I was going through an IEEE paper on Graph Neural Network Model (page 66) and there is one proof where I read
$\lVert (\partial\Theta/\partial x)(x,w) \rVert \geq (1-\mu)$ thus determinant of $(\partial\Theta/\partial x)(x,w)$ is not null.
Where $\Theta = x - F_w(x,l)$, $\Theta$ is a vector and $ \mu \in [0,1)$.
Now, I do not understand how they deduce that determinant will be not null on basis of the norm?
We have $(\partial \Theta/\partial x) = I - (\partial F_w/\partial x)$ in the paper.

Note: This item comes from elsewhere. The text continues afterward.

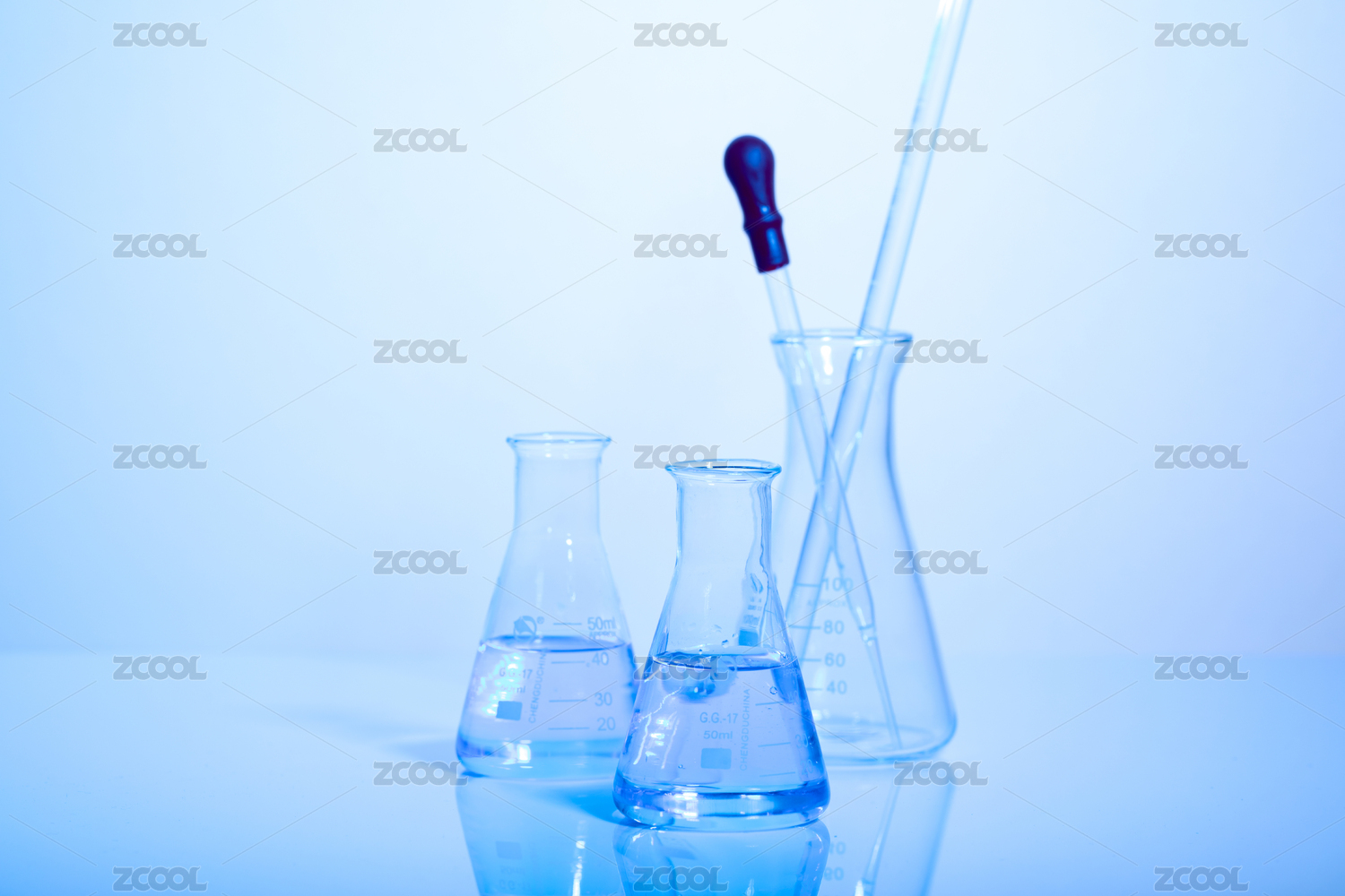 蓝色灯光打在化学试验的各类玻璃仪器上

The authors claim that, since (a) $\|(\partial F_w/\partial x)\|\le\mu$ for some $0\le\mu<1$, we have (b) $\|(\partial \Theta/\partial x)\|\ge1-\mu$ and (in turn?) (c) the determinant of $(\partial \Theta/\partial x)$ is nonzero.
It is true that (a) implies (b). However, as you have already noticed, we cannot infer (c) from (b), because we cannot deduce from a matrix's norm that the determinant of that matrix is nonzero.
That said, we can still infer (c) from (a) from the well-known property of Neumann series: since $\|(\partial F_w/\partial x)\|<1$, the Neumann series $$ I+(\partial F_w/\partial x)+(\partial F_w/\partial x)^2+\cdots\tag{1} $$ converges and $$ \bigg(I-(\partial F_w/\partial x)\bigg)\bigg(I+(\partial F_w/\partial x)+(\partial F_w/\partial x)^2+\cdots\bigg)=I,\tag{2} $$ meaning that $(\partial \Theta/\partial x) = I - (\partial F_w/\partial x)$ is invertible and its determinant is nonzero.